I know there was some discussion of Tobit / Heckman selection models here, and @Solomon discussed conditional logistic models a while ago, but this feels slightly different so I’m curious about your thoughts re: how best to do this! (Also, whether it’s possible in #interfaces:brms )

I put together a simple (and hopefully not catastrophically incorrect) Stan model where the prob of not responding is a Bernoulli, and the ordinal part is handled by the usual ordinal logistic, is there a better (and maybe more straightforward) way to do this?

data {
  int<lower=2> K; // number of categories
  int<lower=0> N; // number of observations
  int<lower=1> D; // number of predictors
  int<lower=0,upper=K> y[N]; // response variable
  matrix[N, D] x; // design matrix
}
parameters {
  vector[D] beta; // predictors for ordered logistic part (e.g. likert scale)
  ordered[K-1] c; // number of thresholds for ordered logistic
  real alpha_p; // intercept for proportion of non-response
  vector[D] beta_p; // predictors for proportion of non-response
}
model {
  // model
  for (n in 1:N) {
    if (y[n] == 0) // assume non-response coded as 0
      target += bernoulli_logit_lpmf(1|alpha_p + x[n] * beta_p); // predict non-response with probability p
    else // otherwise use ordered logistic with prob 1-p
      target += bernoulli_logit_lpmf(0|alpha_p + x[n] * beta_p) + ordered_logistic_lpmf(y[n]| x[n] * beta, c);
  }
}
generated quantities {
  vector[N] yrep; // generate samples
  vector[N] temp;
  for (n in 1:N) {
    temp[n] = bernoulli_rng(inv_logit(alpha_p + x[n] * beta_p));
    if (temp[n] == 1)
      yrep[n] = 0;
    else
      yrep[n] = ordered_logistic_rng(x[n] * beta, c);
  }
}

Here’s the code to run the model.
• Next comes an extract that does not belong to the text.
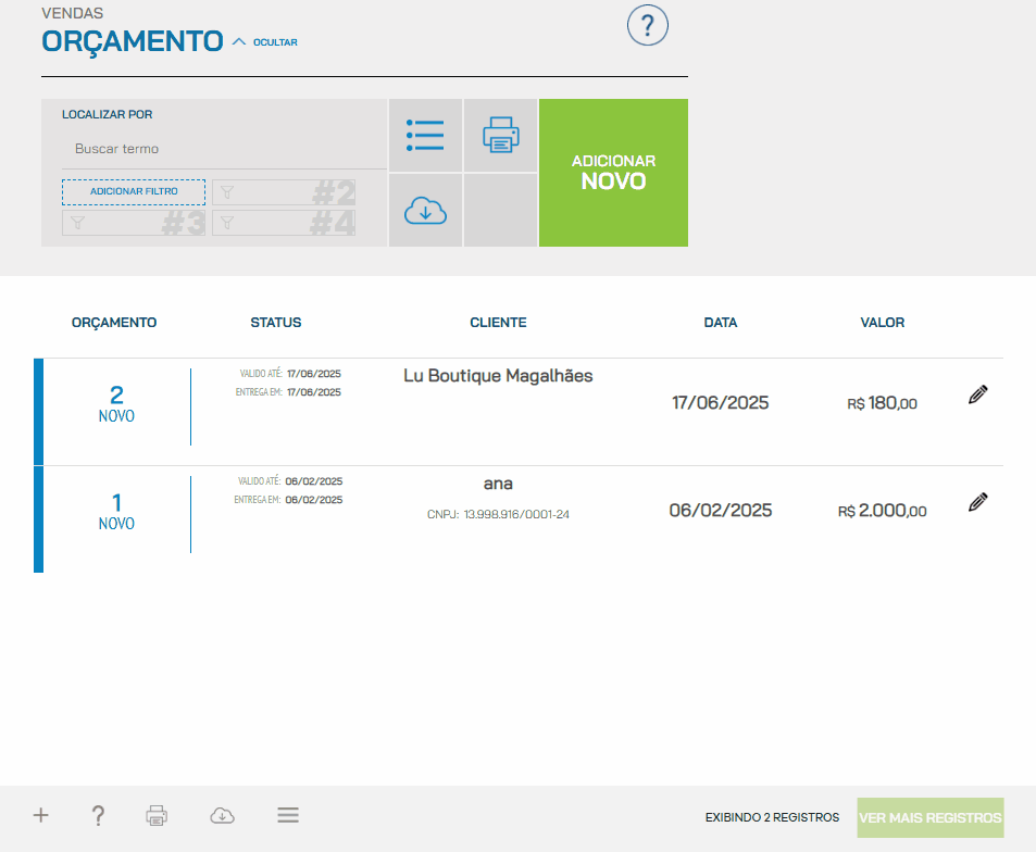 - Escolha o orçamento na lista ou utilize os filtros de busca;

It seems to work fine.

library(readr)
library(dplyr)
library(rstan)

data <- read_csv("https://raw.githubusercontent.com/octmedina/zi-ordinal/main/merkel_data.csv")
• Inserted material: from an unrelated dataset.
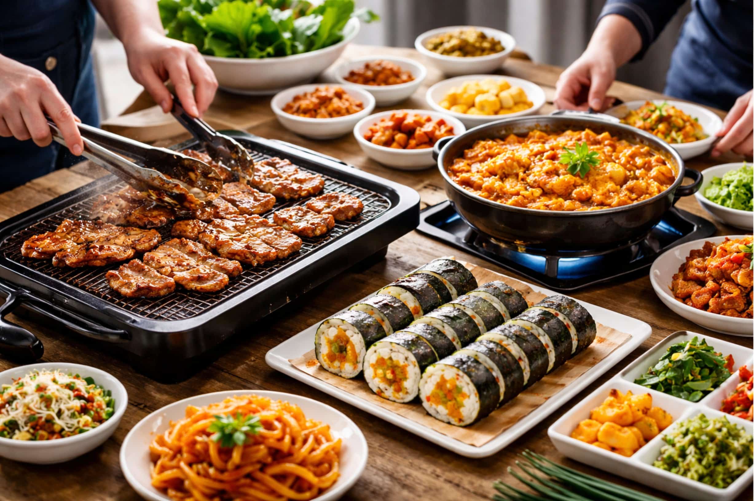 Experience the vibrant flavors of Korea in this hands-on cooking adventure! Perfect for all skill levels, you’ll explore essential techniques as you roll, stir, and grill your way through a variety of Korean-inspired dishes. Learn how to balance bold flavors, craft comforting stews, and prepare savory grilled delights, all in a fun, interactive environment. Share laughs, enjoy amazing aromas, and discover the joy of cooking Korean cuisine. By the end, you’ll leave with new skills, delicious creations, and a memorable taste of Korea to savor at home.

D <- 4 # number of covariates
N <- length(data$confid_merkel) # number of observations
y <- data$confid_merkel # response variable
x <- matrix(c(data$party, # covariates
              data$edu,
              data$race,
              data$income), 
            nrow = N, ncol = D) 
K <- length(unique(data$confid_merkel)) - 1 # number of ordinal levels (0 doesn't count)


stan_data <- list(
  N = N,
  K = K,
  y = y, 
  x = x, 
  D = D)


fit_merkel <- stan(file = "https://raw.githubusercontent.com/octmedina/zi-ordinal/main/zi-ordinal-model.stan", data = stan_data,
                   chains = 2,
                   cores = 2,
                   iter = 2000)


print(fit_merkel, pars= c("beta", "c", "alpha_p", "beta_p"))

Thank you so much!

2 Likes

Update: I have since been able to make this (kind of) work in #interfaces:brms using the awesome custom family capabilities.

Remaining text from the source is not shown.